Let’s explore them a little further by starting with a character vector. Here we see the classic repeated values so common to a categorical variable.

pet_vec <- c("Dog", "Dog", "Cat", "Dog", "Cat")

To coerce this into a categorical variable we use as.factor() and the levels will automatically be set alpha-numerically, as we saw in our dodgy heatmap.

pet_factors <- as.factor(pet_vec)
pet_factors

Or we can manually set these categories as levels using the function factor, which creates a new vector from scratch without lazy coercion.

pet_factors <- factor(pet_vec, levels = c("Dog", "Cat"))

Now these are categories, R actually stores this internally as an integer vector, with the class factor and the attributes which are levels. Each integer corresponds to one of the levels

str(pet_factors)
attributes(pet_factors)

So now, we can coerce our apparent “character” vector to numbers!

as.integer(pet_factors)
as.character(pet_factors)

This may seem weird, but is actually pretty sensible from the perspective of memory management: integers take less memory and now we only have a character vector of length 2 as an attribute. However, it can lead to problems when you think you have a character, but you have a factor. This is obviously why I don’t like read.csv() and read.delim() as they automatically convert all character columns to factors. So does the command data.frame() if you’re creating a data.frame from scratch. Again, this is why I explicitly advise using tibble objects, as they (wisely) do not do this for you.
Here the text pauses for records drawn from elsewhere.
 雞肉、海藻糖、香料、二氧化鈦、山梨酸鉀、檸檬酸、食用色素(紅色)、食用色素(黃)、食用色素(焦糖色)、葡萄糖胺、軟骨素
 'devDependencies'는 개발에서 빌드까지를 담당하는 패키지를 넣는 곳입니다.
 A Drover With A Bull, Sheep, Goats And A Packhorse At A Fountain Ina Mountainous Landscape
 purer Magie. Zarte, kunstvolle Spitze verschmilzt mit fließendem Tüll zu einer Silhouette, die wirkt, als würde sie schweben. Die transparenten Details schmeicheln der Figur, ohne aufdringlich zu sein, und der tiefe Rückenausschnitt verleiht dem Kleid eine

A clear hint as to whether you have a character or a factor, is that a character vector will always have quotation marks around it, whilst a factor vector will not.

What would happen if we think a factor vector is a character vector, and we use it to select values from a vector/matrix/data.frame?
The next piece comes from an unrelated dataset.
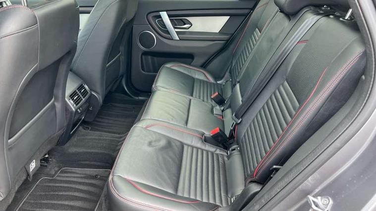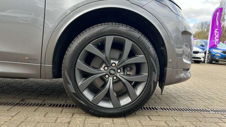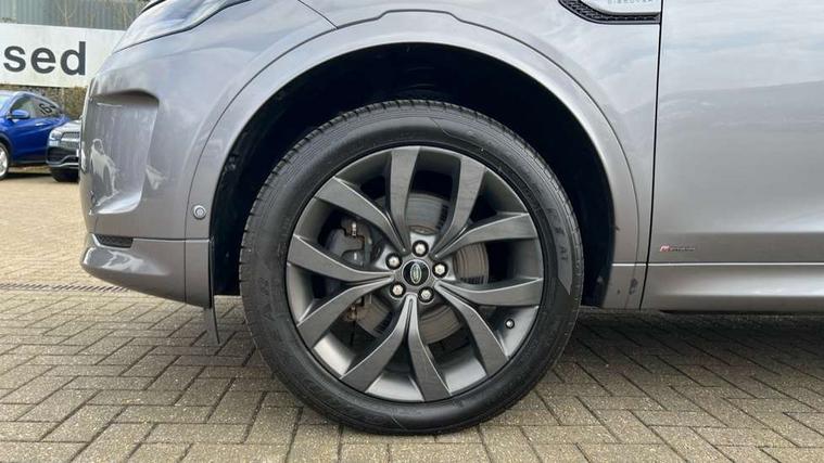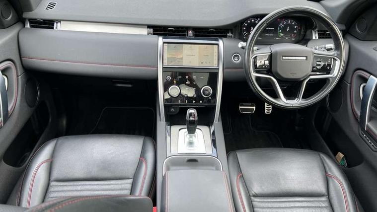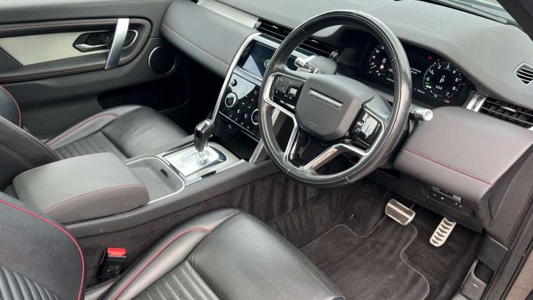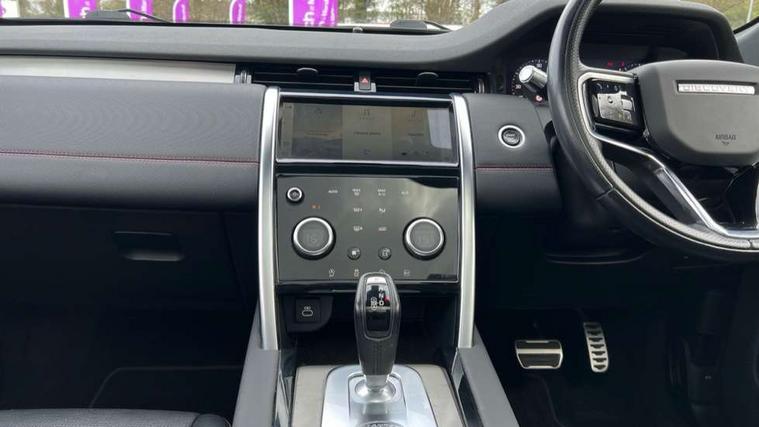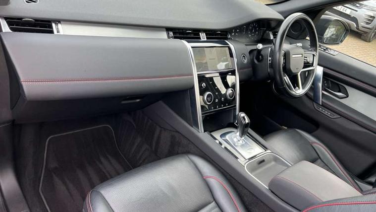 10" touch screen, 3D Surround Camera with 360 View, 180 Rear View, Front Traffic Detection, Forward Vehicle Guidance, Tow Hitch Assist and clear sight Ground View, Android Auto, Apple CarPlay, Blind spot assist, Clear exit monitor, Driver condition monitor, Front and rear parking aid, InControl remote premium, Interactive driver display, Lane keep assist, PAS, Pivi Pro connected navigation system with upgraded Infotainment, Powered tailgate/boot lid, Rear traffic monitor, Rear view camera, Service interval indicator, Traffic sign recognition with adaptive speed limiter, Trip computer, Wade Sensing, 7 kW onboard charger, All terrain progress control, Coil suspension system, Public charging cable, Terrain Response 2, Bluetooth connectivity including audio streaming, Digital Audio Broadcast radio-DAB, Steering wheel mounted audio controls, Automatic headlight levelling, Automatic headlights, Door mirror memory, Electric front/rear windows, Fixed panoramic sunroof with powered sunblind, Power fold, auto-dimming, heated door mirrors with approach lights, Rain sensing windscreen wipers, Rear fog lights, Rear side wing doors, Rear wiper, Bright metal pedals, Centre console with armrest, Front passenger isofix child seat attachment, Rear headrests, Satin chrome gearshift paddles, Sunvisors with illuminated vanity mirrors, Tilt/reach adjustable steering wheel, Black exterior pack - Discovery sport, Online pack - Discovery sport, 3 point seatbelts on all seats, ABS, Brake hold function, Collision mitigation braking system, Cornering brake control (CBC), Driver/Front Passenger airbags, Drivers knee airbag, Electronic brake force distribution, Electronic parking brake, Emergency brake assist, ESP + traction control, Hill descent control, Hill launch assist, Pedestrian airbag system, Rear seat ISOFIX, Side and curtain airbags for front and 2nd row seats, Trailer stability control, Tyre pressure monitoring system, Battery Back Up System (BBUS) with tilt sensor, Intrusion sensor, Locking wheel nuts, Centre stack rails in noble chrome,

First we’ll do a rather obvious thing and name each value in pet_vec with it’s value. Notice that for vectors, we can get away with repeated names. This wouldn’t apply to column and rownames for any other more complicated objects.

names(pet_vec) <- pet_vec
pet_vec
pet_vec[pet_factors]

Hopefully you can see that even though pet_factors looks like it should return Dog, Dog, Cat, Dog, Cat, it’s actually calling the values 1, 1, 2, 1 and 2 which are the underlying integers.
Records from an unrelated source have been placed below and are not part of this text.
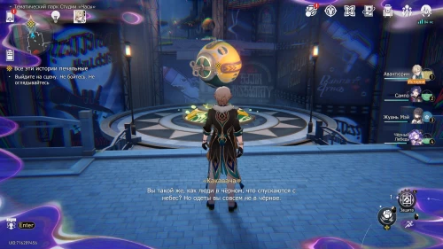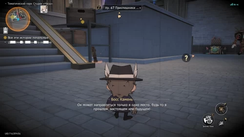 Вы снова возьмете под управление Авантюрина. Поговорив с таинственной сущностью, поднимитесь по лесенке к следующему маркеру. Затем поболтайте с ребенком, стоящим возле статуи Часика. Топ-менеджер КММ узнает в нем авгина.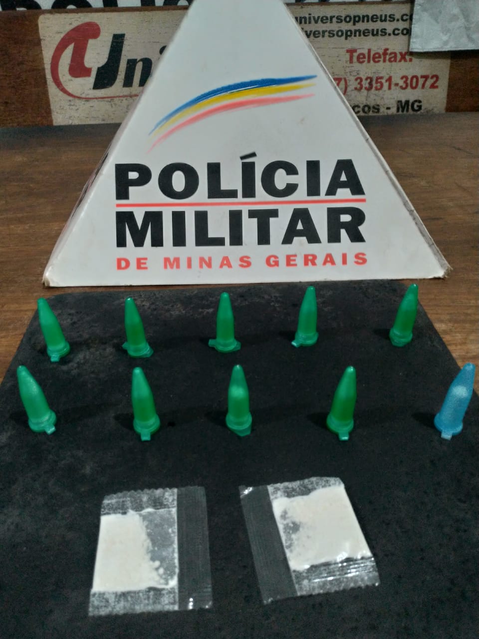 Na noite de quinta-feira (06), um homem de 19 anos foi preso pela Polícia Militar, no bairro Esplanada, por tráfico de drogas. Ele foi alvo de denúncias e quando percebeu a aproximação da viatura, tentou fugir, lançando antes, ao solo, um embrulho plástico contendo 10 pinos de cocaína.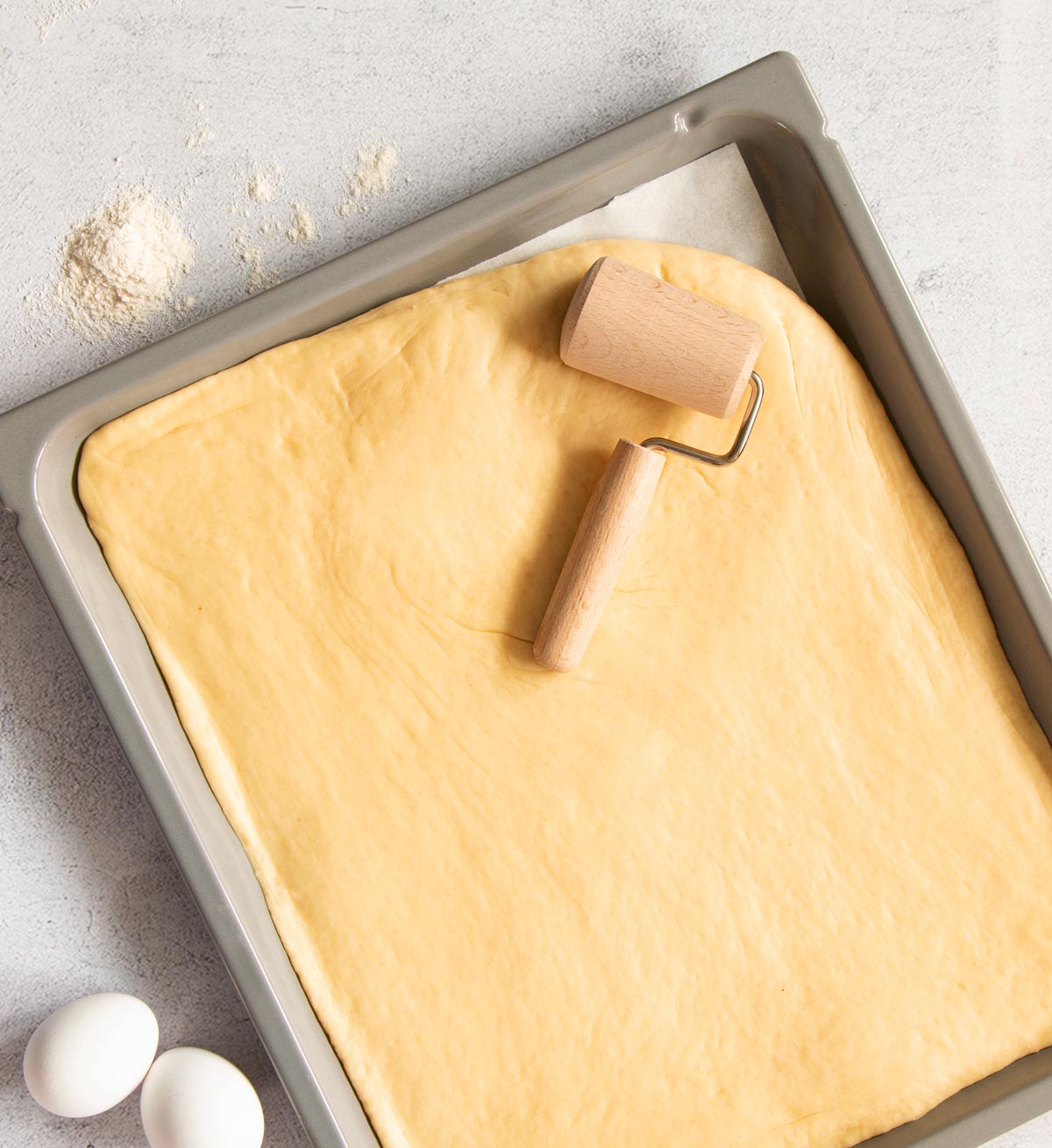 Für das exakte Ausrollen von Teig auf Backblechen macht sich diese Backblechrolle besonders gut, da sie präzise an Rändern entlang in die Ecken hineinrollen kann.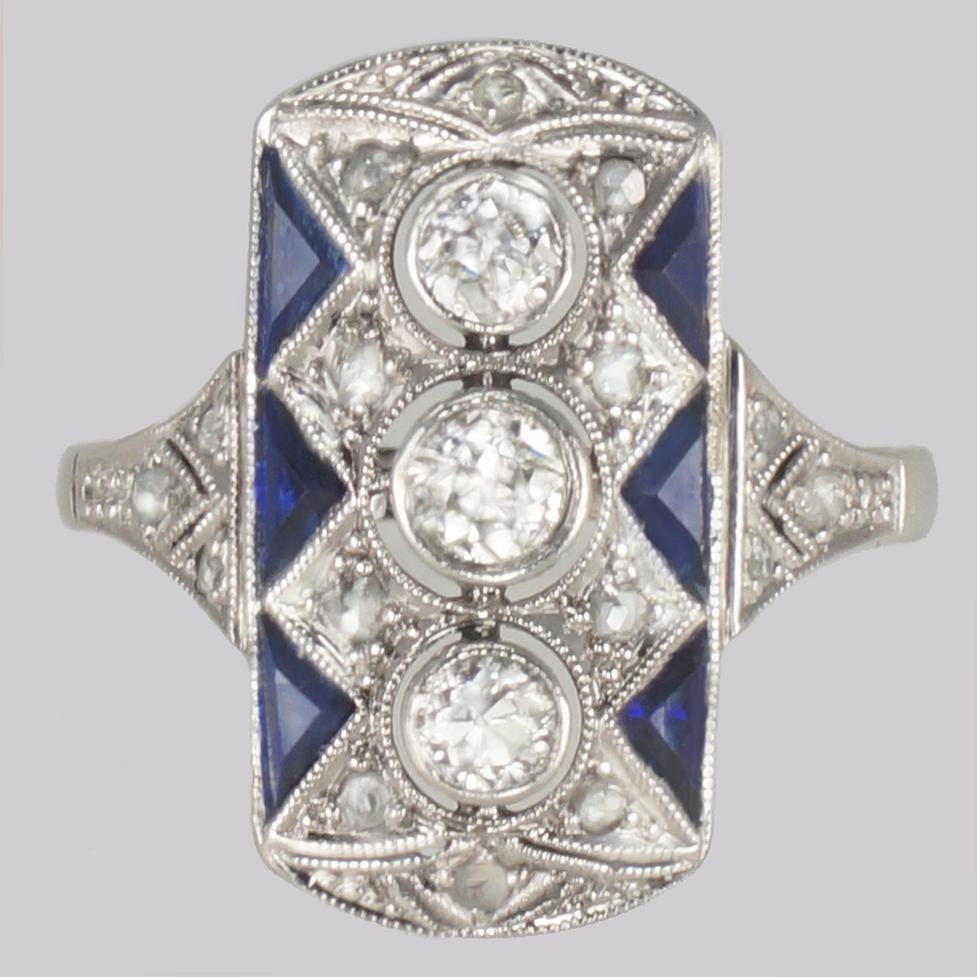 Vintage Sapphire & Old Cut Diamond Ring 18ct Gold Art Deco Style Plaque Ring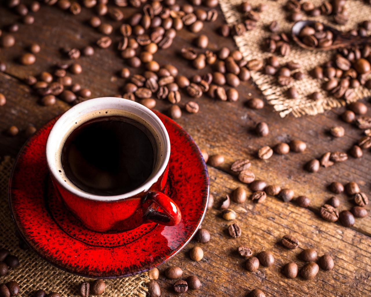 Wallpaper Red coffee cup on a table with coffee beans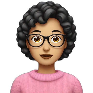 Lady with black hair, glasses, wearing pink jumper, emoji

There is a tidyverse package forcats which enables some nice work with factors and makes things reasonably easy for us. (It’s loaded by default.) We won’t explore these in great depth for now, but the key function we’ll need for our data is fct_inorder().

To demonstrate on pet_vec(), this assign values in the order they appear (instead of alpha-numerically).

fct_inorder(pet_vec)

A very useful alternative can be to assign categories by how common they are, using fct_infreq().

fct_infreq(pet_vec)

They give the same result here as not only is Dog the first value to appear, but it’s also the most common.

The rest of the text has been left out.